> Exercise requirements: From the records below, output exactly the lines starting at the line with "喜報|由我司進(jìn)行全" and ending at the line with "7일 서울 고척스카이돔에서", both of them included, but no pictures.

> Material shown:
╔══

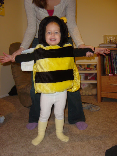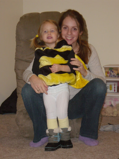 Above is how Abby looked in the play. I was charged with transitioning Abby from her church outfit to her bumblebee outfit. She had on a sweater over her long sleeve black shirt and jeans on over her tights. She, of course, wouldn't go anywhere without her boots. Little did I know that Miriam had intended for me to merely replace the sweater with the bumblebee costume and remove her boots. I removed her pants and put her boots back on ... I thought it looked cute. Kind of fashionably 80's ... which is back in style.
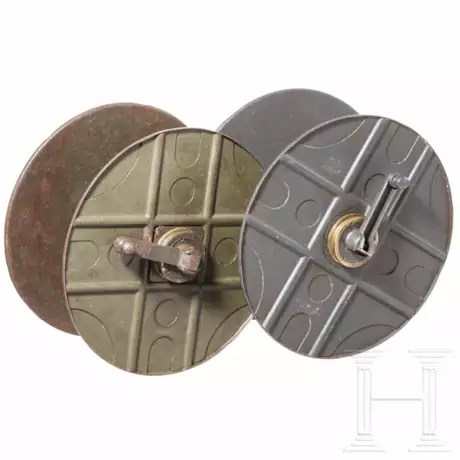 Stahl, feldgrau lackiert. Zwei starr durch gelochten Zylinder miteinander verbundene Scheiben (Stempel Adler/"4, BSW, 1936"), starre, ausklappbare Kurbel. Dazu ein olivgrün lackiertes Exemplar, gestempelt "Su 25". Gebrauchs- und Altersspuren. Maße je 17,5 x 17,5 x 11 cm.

╚══
╔══

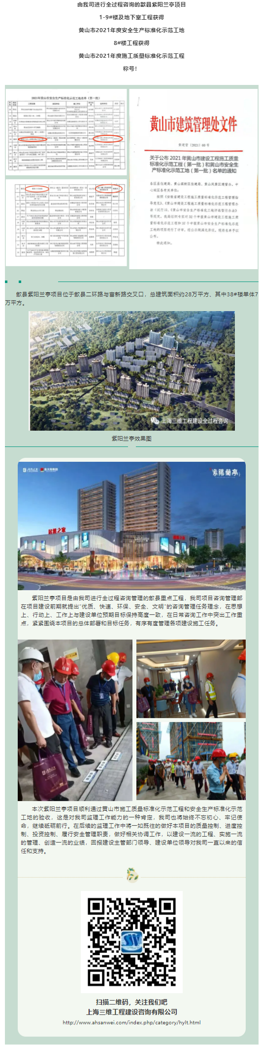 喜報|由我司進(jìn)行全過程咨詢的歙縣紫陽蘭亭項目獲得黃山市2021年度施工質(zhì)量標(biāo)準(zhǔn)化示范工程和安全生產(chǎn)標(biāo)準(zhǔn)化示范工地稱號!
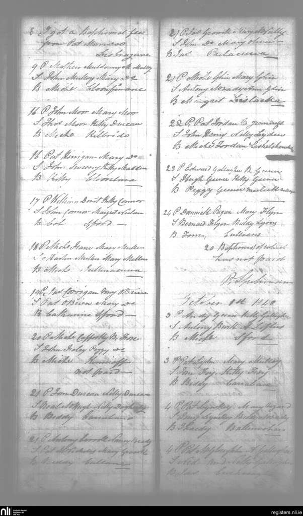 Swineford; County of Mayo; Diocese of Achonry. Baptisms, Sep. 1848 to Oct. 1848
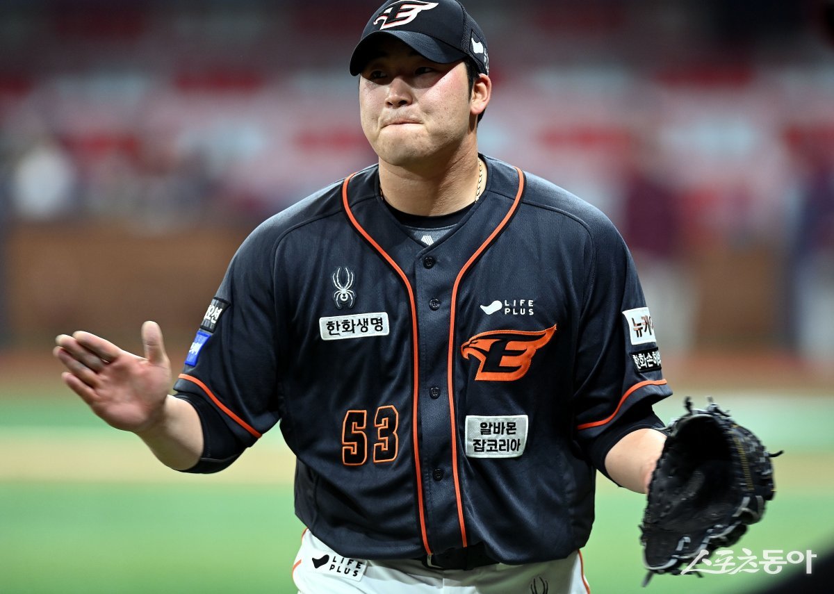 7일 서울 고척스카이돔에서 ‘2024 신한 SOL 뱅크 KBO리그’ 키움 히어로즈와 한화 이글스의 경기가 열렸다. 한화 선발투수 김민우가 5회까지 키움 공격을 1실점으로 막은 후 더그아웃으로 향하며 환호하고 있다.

╚══
╔══

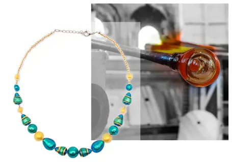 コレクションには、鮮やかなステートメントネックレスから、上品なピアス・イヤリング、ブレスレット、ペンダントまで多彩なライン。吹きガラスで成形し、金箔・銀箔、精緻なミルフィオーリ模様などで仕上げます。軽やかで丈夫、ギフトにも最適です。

╚══

> Task output:
 喜報|由我司進(jìn)行全過程咨詢的歙縣紫陽蘭亭項目獲得黃山市2021年度施工質(zhì)量標(biāo)準(zhǔn)化示范工程和安全生產(chǎn)標(biāo)準(zhǔn)化示范工地稱號!
 Swineford; County of Mayo; Diocese of Achonry. Baptisms, Sep. 1848 to Oct. 1848
 7일 서울 고척스카이돔에서 ‘2024 신한 SOL 뱅크 KBO리그’ 키움 히어로즈와 한화 이글스의 경기가 열렸다. 한화 선발투수 김민우가 5회까지 키움 공격을 1실점으로 막은 후 더그아웃으로 향하며 환호하고 있다.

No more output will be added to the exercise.